Company Profiles

Taking Blockchain Down A More Mainstream, Energy-Efficient Path

Tom Burroughes Group Editor 25 July 2022


This publication talks to investor, restauranteur, sports sponsor, Saxo Bank co-founder and blockchain enthusiast Lars Seier Christensen.

There is a need for blockchain technology enthusiasts to recognise that rules matter and that this tech will become a mainstream area, a senior figure in Europe’s banking industry argues.

A man unafraid to challenge established business models, while also keeping his feet firmly on the ground, is Lars Christensen. He’s the co-founder of Saxo Bank, has a family office, Seier Capital, and is based in St Gallen, Switzerland. He sold his final stake in Saxo in 2018. A man who relishes sports, Christensen is co-owner of FC Copenhagen, the Danish football team. While at Saxo, the firm was a prominent sponsor of a Tour de France team (winning in 2008 and 2010) and has also been prominent in other cycling races. 

And now Christensen has another creation to look after: The Swiss business Concordium Blockchain, based in Zug. It is designed to provide compliant services for distributed ledger technology. 

“We are trying to build a strong foundation for other people who want to use blockchain that is 'off-the-shelf’ and stays stable,” he told this news service in an interview. “We are taking the best of what is in blockchain and trying to marry it with the real world.”

Christensen said he is not a fan of the more overtly “disruptive,” noisy side of cryptocurrencies and their like. A lot of the regulations being considered and applied to these technologies are “reasonable and necessary,” he said.

Blockchain is the first example of a genuinely transformative technology that Christensen has seen since the internet. Saxo, founded in the early 90s, was launched at a time when the internet was a nascent technology, he said. 

“Saxo was based on the internet…I was looking to start it in 1994 and it was seen as extremely nerdy and that it was a fad that would go away. I have never seen a new technology with as much market potential as the internet until I saw blockchain.”

A quick reminder of what blockchain is: A blockchain is a distributed database or ledger that is shared among the nodes of a computer network. A blockchain stores information in digital format. Blockchains are best known for their crucial role in cryptocurrency systems, such as bitcoin, for maintaining a secure and decentralised record of transactions. The key point is that blockchain guarantees the fidelity and security of a record of data and generates trust without the need for a trusted third party. A blockchain collects information together in groups, known as blocks, that hold sets of information – hence the name “blockchain.”

This technology continues to be an important investment area for big financial players. To give one example, European funds platform Allfunds how has a sister business, Allfunds Blockchain, focused entirely on making the most of this technology. In another case, JP Morgan uses blockchain for collateral settlements.

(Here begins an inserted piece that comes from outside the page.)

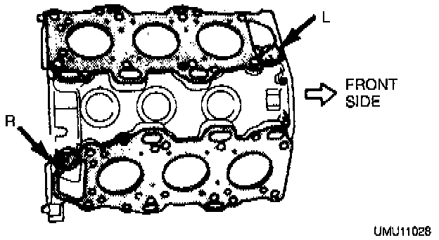 e. Place a new cylinder head gasket on the left bank with the L mark facing upward.
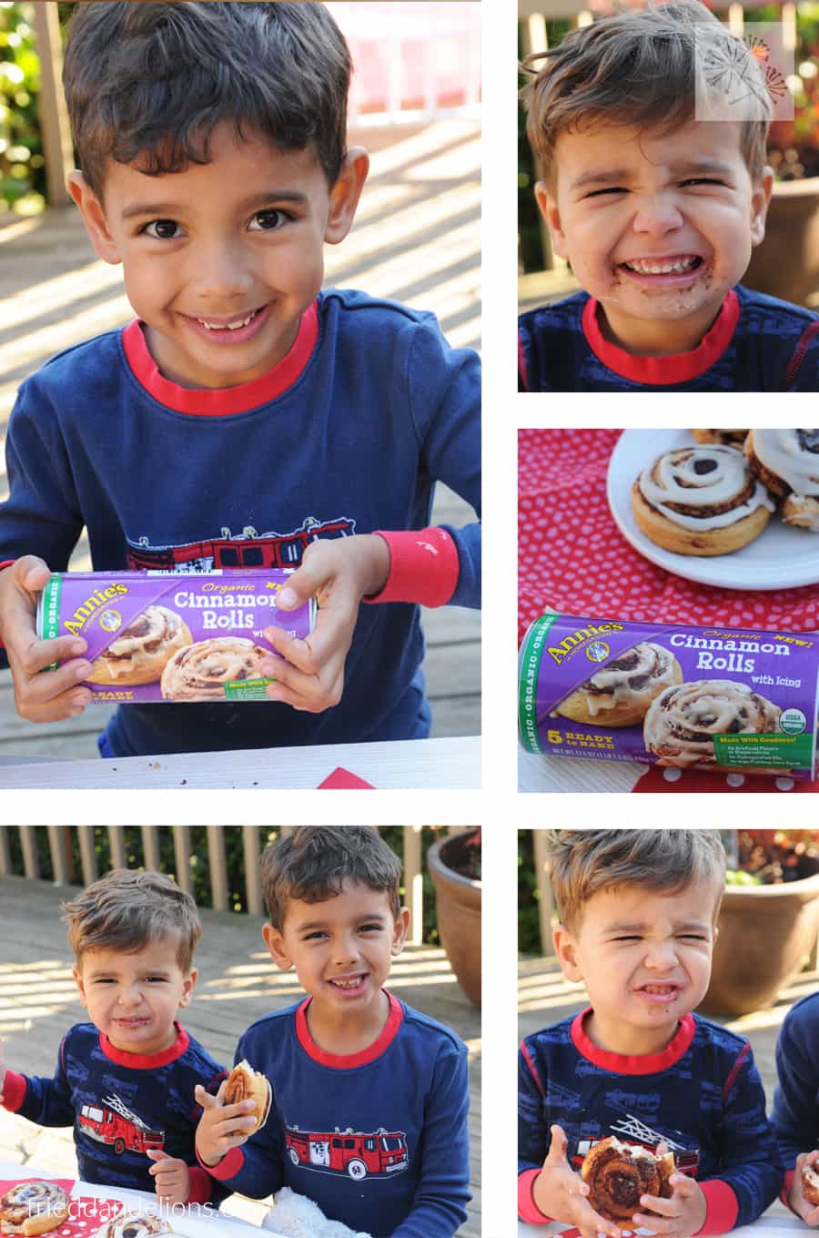 These Cinnamon Rolls are delicious! It’s been a while since I had one of these “whack and bake” tubes—I think many are accidentally vegan though—and it was really fun to hear that *POP* that I remembered as I opened the tube! As much as I would like to make everything from scratch, with two busy boys it’s just not practical all of the time, and I love that companies like Annie’s Homegrown have yummy organic options that are either premade or quick to prepare! Indulging in comfort food doesn’t have to mean compromising your standards! I always keep a stash of Annie’s Homegrown goodies in my purse for meltdowns when we go out—my boys love their treats!

There’s a palpable air of excitement. In a recent paper, Blockchain – The New Economy of Trust, Goldman Sachs wrote: “Blockchain has the potential to change the way we buy and sell, interact with government and verify the authenticity of everything from property titles to organic vegetables.” When the Wall Street bigshots got involved, the game changed. 

Trust and verify
Christensen is enthusiastic about blockchain’s potential. For example, it produces “immutable data,” he said. With the internet, there is a single point of value and data can be corrupted. That can’t occur with blockchain.

For example, with non-fungible tokens, blockchain can be used to register ownership in a completely immutable way, Christensen said. “We can store it [music, art, other entities] with complete certainty that it stays there.”

“This form of registration of certainty in assets is not just a big improvement, but it allows you to tap into new forms of ownership data,” he said, referring to areas such as intellectual property (patents, copyrights, trademarks, etc).

In fact, Christensen said, intellectual property is a “much-overlooked asset class.” 

The rise of platforms such as Youtube and Spotify are reminders that artists and other creators often receive scant return for their work. Blockchain changes the game in their favour, he said.

Another quality of blockchain tech is “finality.” “Once a deal is done, it is done and [is] not reversible.” This contrasts with some of the failed trades and problems that arose in the foreign exchange markets – a field Christensen knows well from his Saxo days.

“This has huge implications…a lot of capital is consumed by the banks for these short periods of insecurity. This will lower capital requirements,” he continued.